First, my husband. People are usually very surprised to learn how old hubby really is. Most think he’s at least 5, if not 10 years younger than his birth certificate would attest to. And very much like the exercising mice in the article above, his walking has really paid off. He doesn’t take any meds – none whatsoever, his doc says he has the ticker of an 18 year-old, and he sails through his physicals – usually. So let me shorten what could be a lengthy story. Mr. Super-Health developed a problem and very recently underwent major surgery. Recoup time will be at least 6 weeks. He’s lost almost 20% of his body weight, and is understandably tired and weakened. Too tired and too weak to pick up his walking routine where he left it before this saga began. And that leads into my second point.
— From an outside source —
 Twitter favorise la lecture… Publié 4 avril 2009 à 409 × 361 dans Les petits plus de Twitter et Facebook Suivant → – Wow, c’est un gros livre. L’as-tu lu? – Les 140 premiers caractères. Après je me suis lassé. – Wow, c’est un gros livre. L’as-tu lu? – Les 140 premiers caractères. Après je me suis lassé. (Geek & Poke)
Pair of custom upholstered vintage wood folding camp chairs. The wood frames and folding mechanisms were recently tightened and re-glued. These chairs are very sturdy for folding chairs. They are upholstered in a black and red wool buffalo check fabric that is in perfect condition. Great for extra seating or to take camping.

Second, climbing over brick walls. Hubby is impatient with the pace of healing and may even be a bit angry that he feels so darn rotten. Life has thrown him a brick wall. He knows exercise is good (don’t we all???) but he’s physically not able to jump right in where he left off. But we’re lucky. We have a treadmill conveniently located right within our home. So, with prodding, he’s been getting on the treadmill and doing little bits – and those little bits are slowly turning into bigger bits. He’s up to almost 10 minutes now (and please don’t write and tell me that’s inconsequential – because, quite frankly, it’s GREAT!). So slowly but steadily he’s starting to ascend.
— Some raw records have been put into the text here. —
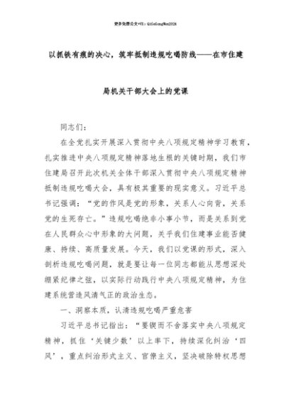 【七哥公文】2025年:【七哥公文】以抓铁有痕的决心,筑牢抵制违规吃喝防线——在市住建局机关干部大会上的党课+更多免费公文+VX:QiGeGongWen2024+更多免费公文+VX:QiGeGongWen2024
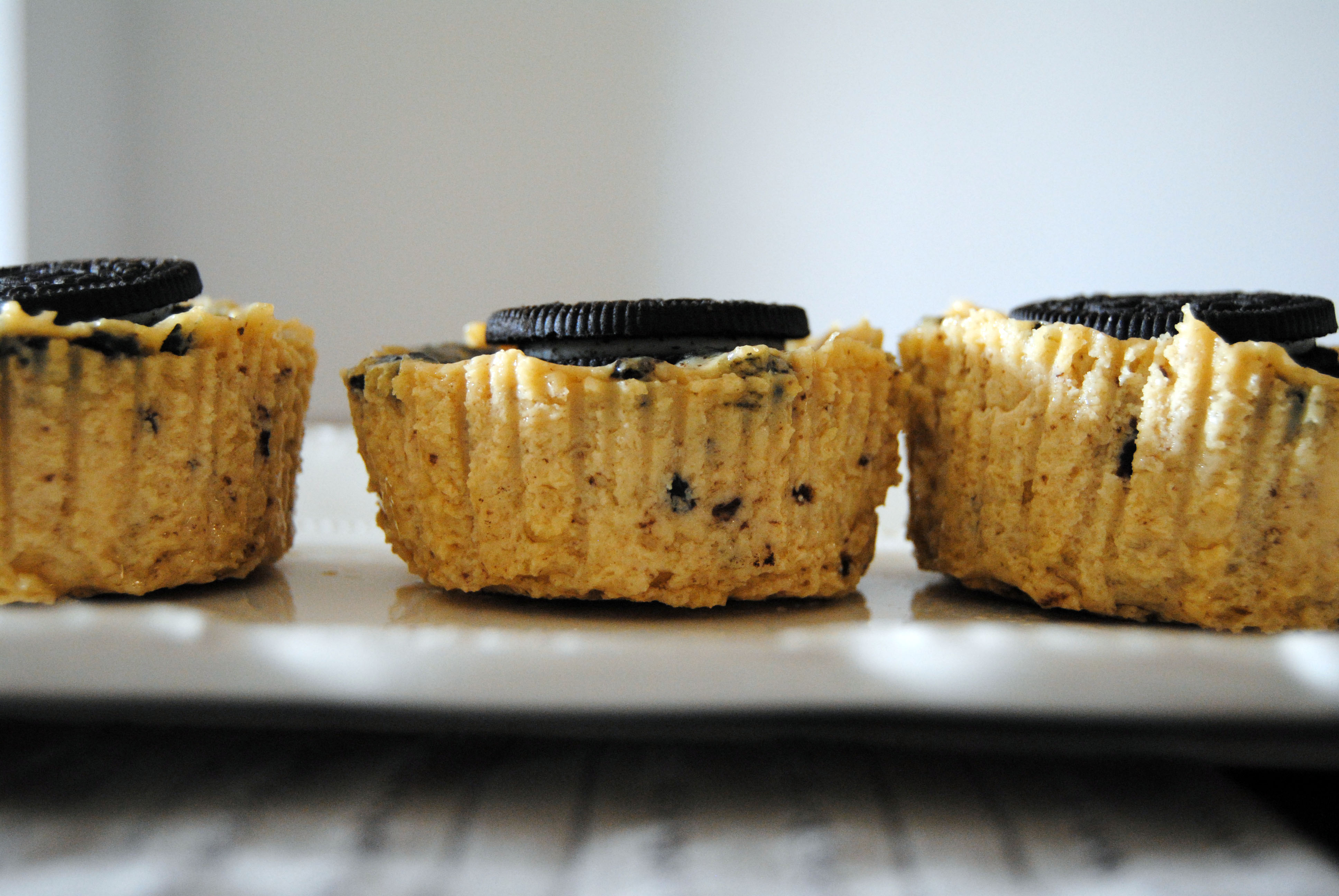 No sé si es por el calor pero he perdido algo el apetito por lo que intento hacer raciones pequeñas que me llaman más la atención. Por esta razón, pensé realizar una tarta de las míticas galletas pero de queso. La opción estaba elegida pero cuando la estaba realizando pensé que nada mejor que hacerlo en bodados individuales. No me equivoqué. La presencia de estas mini tartas es espectacular y el sabor queda intacto independientemente del tamaño que lo hagas. Opté por unos moldes de magdalenas o de cupcakes para que al desmoldarlas quedaran perfectas. Pero no os creáis que siempre salen las cosas así de bien. No. De hecho estamos acostumbrados a mostrar sólo los platos geniales pero aún recuerdo el primer gazpacho de esta temporada, no lo recuerdo por su sabor, más bien porque se derramó por toda la encimera, salpicando hasta el más recóndito rincón. Esta junto otras historias similares llenarán más de una entrada.
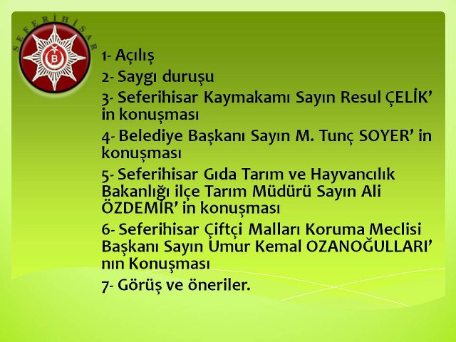 04.11.2014 Tarihinde Seferihisar Kaymakamı Sayın Resul ÇELİK, Seferihisar Belediye Başkanı Sayın Tunç SOYER, Seferihisar İlçe Tarım Müdürü Sayın Ali ÖZDEMİR ve Seferihisar Çiftçi Malları Koruma Meclisi Başkanı Umur Kemal OZANOĞULLARI ve Tüm Yönetim Kurulu Üyelerinin hazır olduğu Üyelerimizin, Çiftçilerimizin, Sayın Basın Mensuplarının ve Misafirlerimizin katılımı ile Çiftçi Malları Koruma Meclisi Başkalığının sorunlarına yönelik Toplantı gerçekleştirilmiştir.
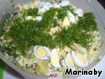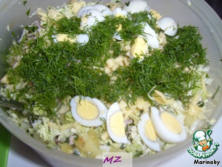 Подавать можно в общей салатнице или порционно, украсив четвертинками яиц, укропом и помидорками.
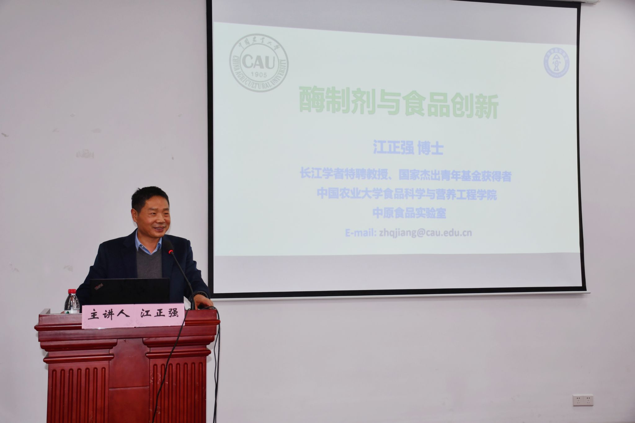 2023年11月29日下午14:00,中国农业大学食品科学与营养工程学院江正强教授在梅山校区竺银康楼120会议室做了《酶制剂与食品创新》的学术报告。特聘院长潘道东教授主持报告,执行院长邵兴锋教授、党委书记龚文杰、副院长吴振教授、学院教师和研究生参加了此次会议。

We all know that we should exercise (along with so many other things we really should do). But we’re human. And because we’re human (we’re not mice), life will throw brick walls into the pathway of our good intentions. And when we face our brick walls, we need to reach out for help – we may need a boost to get us over that huge brick hump. Hubby’s “boost” is the treadmill sitting in our home combined with a bit of nudging on my part to get him on it.

Brick walls are inevitable. But it’s how we face those brick walls, and climb over them, that separate the men from the mice.